Filmmaker Anurag Kashyap, known for gritty classics like Gangs of Wasseypur, labeled pan-India filmmaking a “massive scam” during The Hindu Huddle 2025 in Bengaluru on May 9, 2025. Speaking to audiences in India and sparking global debates, he criticized the trend’s reliance on bloated budgets and formulaic storytelling, driven by the success of films like Baahubali and RRR. Kashyap’s remarks, widely discussed on X, challenge the industry’s obsession with chasing Rs 800-1,000 crore box-office figures.
In This Article:
What Makes Pan-India a “Scam”?
Kashyap argues that the “pan-India” label—films released in multiple Indian languages to target a nationwide audience—is misused. “A film is pan-India only if it performs pan-India,” he said, not before production begins. He claims the trend fuels unsustainable practices: films take 3-4 years to make, with crews depending on inflated budgets for their lifestyles. Much of the money goes into “massive, unreal sets” rather than storytelling, with only 1% succeeding—like Pushpa 2 or KGF. This cycle, Kashyap warns, sacrifices narrative depth for spectacle, citing a decline in originality since Baahubali’s 2015 success.

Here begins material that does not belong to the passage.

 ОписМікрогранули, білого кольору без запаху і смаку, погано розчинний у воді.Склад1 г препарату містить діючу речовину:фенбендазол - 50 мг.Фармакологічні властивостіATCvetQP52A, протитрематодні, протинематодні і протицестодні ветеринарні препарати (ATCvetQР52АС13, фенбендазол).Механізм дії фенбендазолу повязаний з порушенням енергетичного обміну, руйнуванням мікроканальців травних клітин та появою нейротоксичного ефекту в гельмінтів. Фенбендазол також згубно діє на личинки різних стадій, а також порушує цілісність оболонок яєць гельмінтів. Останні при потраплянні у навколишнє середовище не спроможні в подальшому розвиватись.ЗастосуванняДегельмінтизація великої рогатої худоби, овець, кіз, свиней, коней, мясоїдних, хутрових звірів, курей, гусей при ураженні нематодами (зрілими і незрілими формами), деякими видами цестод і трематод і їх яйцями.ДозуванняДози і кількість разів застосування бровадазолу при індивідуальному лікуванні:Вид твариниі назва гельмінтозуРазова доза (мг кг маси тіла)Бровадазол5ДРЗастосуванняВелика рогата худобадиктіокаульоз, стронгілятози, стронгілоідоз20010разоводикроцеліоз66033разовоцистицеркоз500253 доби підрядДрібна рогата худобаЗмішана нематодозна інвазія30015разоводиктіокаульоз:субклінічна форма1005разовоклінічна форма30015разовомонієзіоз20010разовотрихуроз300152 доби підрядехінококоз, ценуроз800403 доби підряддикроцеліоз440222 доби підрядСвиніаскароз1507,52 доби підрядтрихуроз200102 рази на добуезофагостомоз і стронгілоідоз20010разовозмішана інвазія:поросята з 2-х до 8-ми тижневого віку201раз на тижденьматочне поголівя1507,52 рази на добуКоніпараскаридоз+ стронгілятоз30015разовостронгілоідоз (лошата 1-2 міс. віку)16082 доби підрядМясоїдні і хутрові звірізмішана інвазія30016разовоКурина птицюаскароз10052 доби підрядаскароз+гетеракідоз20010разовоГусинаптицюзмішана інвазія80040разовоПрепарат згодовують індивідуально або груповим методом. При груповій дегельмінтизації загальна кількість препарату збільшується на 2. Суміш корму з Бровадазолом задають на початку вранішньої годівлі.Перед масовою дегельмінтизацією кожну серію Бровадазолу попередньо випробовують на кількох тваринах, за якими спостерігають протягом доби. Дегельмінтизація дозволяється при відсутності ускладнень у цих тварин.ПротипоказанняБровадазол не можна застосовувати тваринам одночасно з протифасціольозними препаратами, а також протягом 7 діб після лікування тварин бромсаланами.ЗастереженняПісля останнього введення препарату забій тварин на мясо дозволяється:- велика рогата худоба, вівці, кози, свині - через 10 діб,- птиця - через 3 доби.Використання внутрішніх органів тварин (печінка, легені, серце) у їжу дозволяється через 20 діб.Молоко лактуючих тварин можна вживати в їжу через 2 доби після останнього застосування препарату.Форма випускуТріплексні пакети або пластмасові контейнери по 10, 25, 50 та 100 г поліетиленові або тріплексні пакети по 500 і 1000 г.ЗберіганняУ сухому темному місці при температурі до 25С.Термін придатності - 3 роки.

The Industry’s Formulaic Trap
Kashyap points to a pattern: one hit spawns imitations. After Uri (2019), nationalistic films flooded the market; post-KGF, action epics surged; Stree 2 (2024) birthed horror-comedies. “Everybody is chasing that elusive Rs 800-1,000 crore,” he noted, but only 5-6 films in five years have crossed Rs 900 crore, despite India producing 1,000 films annually. Filmmakers, he claims, compensate for weak scripts by inserting “items” every few minutes, blaming shrinking audience attention spans. This formulaic approach, Kashyap argues, dumbs down cinema, prioritizing flash over substance.

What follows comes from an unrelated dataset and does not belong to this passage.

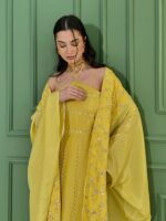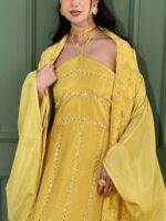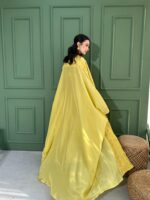 Highlight your beauty with a radiant look with this luxurious golden yellow abaya! Its elegant and sophisticated design gives you a distinctive presence, with a loose fit that adds a touch of luxury and comfort. Made from soft, lightweight fabric, it’s suitable for all occasions, whether for everyday looks or special evening events.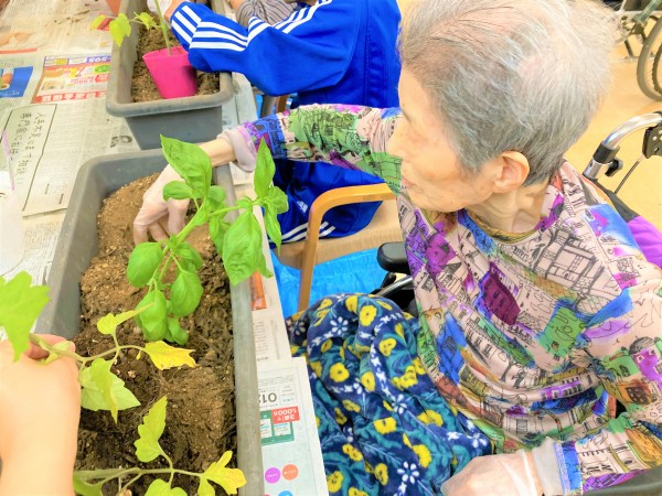皆様、慣れた手つきで土を掘り苗を植えられました(∩´∀`)∩

SS Rajamouli: The Exception
Kashyap singles out SS Rajamouli as a rare success, praising his global fanbase built since Eega (2012). He predicted RRR’s 2022 breakout, noting its appeal drew international filmmakers to its sets. While Baahubali was too lengthy for some, “every cinephile has seen it.” Rajamouli’s storytelling, Kashyap argues, transcends the pan-India formula, blending scale with substance—unlike imitators who chase his model without his vision.

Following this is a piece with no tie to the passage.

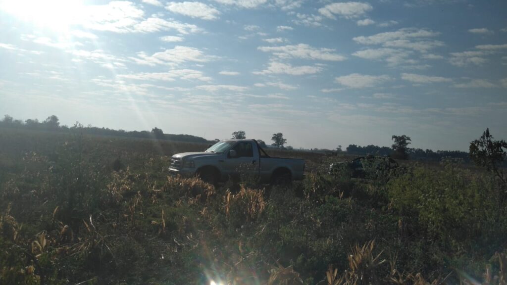 La camioneta se encontraba en el interior de un campo ubicado a la altura del km 482 de ruta 1V11, altura ex Liceo, a 500 metros al Este.

Impact and Industry Reflection
Kashyap’s critique, echoed on X, resonates amid India’s evolving cinema landscape. Posts call his remarks a “wake-up call,” though some defend pan-India hits for employing thousands. With only 1% of these films succeeding, as Kashyap claims, the industry risks financial losses and creative stagnation. His solution: prioritize storytelling over spectacle. As debates rage, Kashyap’s voice urges filmmakers to rethink the pan-India model, fostering authentic narratives over manufactured blockbusters.